Als unerschrockener Chefredaktor der Berner Tageszeitung "Der Bund" geriet Ernst Schürch ins Visier des nationalsozialistischen Regimes, das erfolglos Druck ausübte, um ihn von seinem Posten zu entfernen. Schürchs weitgespanntes Beziehungsnetz widerspiegelt sich in seiner umfangreichen Korrespondenz. Ergänzt wird diese durch zahlreiche Sachdossiers, v.a. zu politischen Themen, sowie durch seine Eigenschriften, darunter Manuskripte, Vorträge und Pressebeiträge in verschiedenen schweizerischen Tages-Zeitungen und Zeitschriften. In diesen kommt u.a. sein Einsatz für eine freie und unabhängige Presse zum Ausdruck. Von besonderem historischem Wert dürften seine Gesprächsnotizen mit verschiedenen bedeutenden Akteuren aus der Schweiz und aus Deutschland sein, darunter Bundesräte, deutsche Diplomaten, aber auch Vertreter des NS-Regimes.

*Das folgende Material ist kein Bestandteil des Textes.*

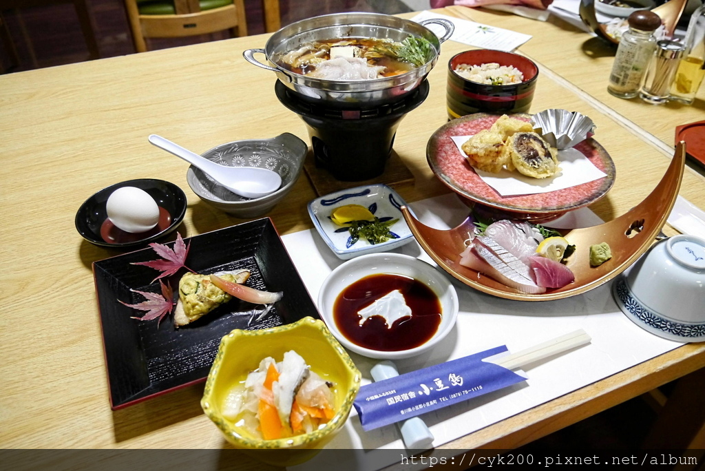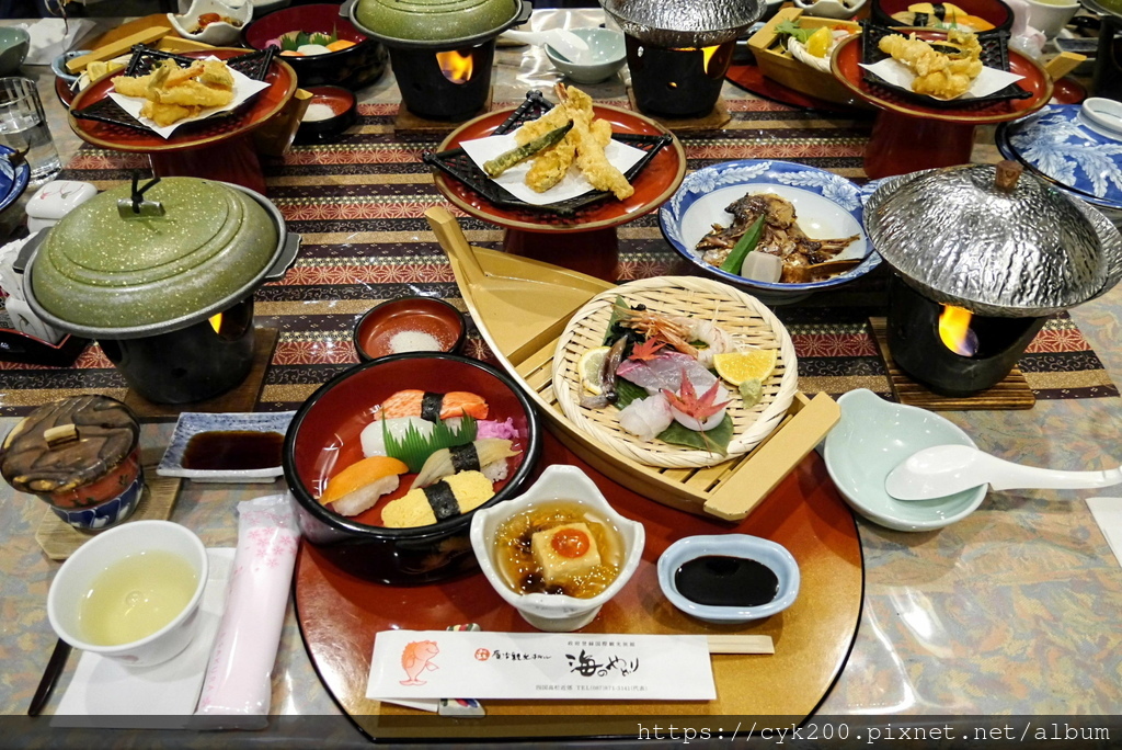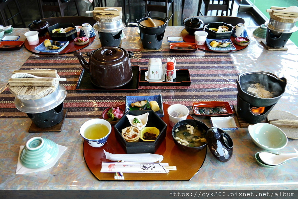 晚餐名為「源平会席」,比昨晚還豐盛、食材更好。我們14:00吃份量十足的午餐,18:30晚餐,飽到22點多才稍微消食去泡湯。

Damit in engem Zusammenhang steht der Nachlass des Anwalts und Nationalrats Gerhart Schürch (1910-1994), Sohn von Ernst Schürch. Als Mitbegründer von Gotthard-Bund und Eidgenössischer Gemeinschaft (EG) machte er sich auch mit seiner Beteiligung an der sogenannten "Offiziersverschwörung" von 1940 einen Namen, welche im Bestand dokumentiert ist. Gerhart Schürch und seine Gesinnungsgenossen traten für den bedingungslosen Widerstand im Falle eines deutschen Angriffs ein. Von 1934 bis 1941 war er Sekretär des Auslandschweizerwerks der Neuen Helvetischen Gesellschaft (NHG), später Zentralpräsident der NHG. Aus der Nachkriegszeit finden sich Unterlagen zu seiner Tätigkeit als Nationalrat, als parlamentarischer Delegierter im Europarat und als Leiter der IKRK-Mission während des Biafra-Krieges in Nigeria (1968). Im Bestand finden sich auch Manuskripte, Vorträge und Pressebeiträge von Gerhart Schürch. Immer wiederkehrende Themen in seinen Schriften sind die Schweizer Armee – Gerhart Schürch bekleidete zuletzt den Rang eines Obersten – sowie die Aussenpolitik der Schweiz während und nach dem Zweiten Weltkrieg.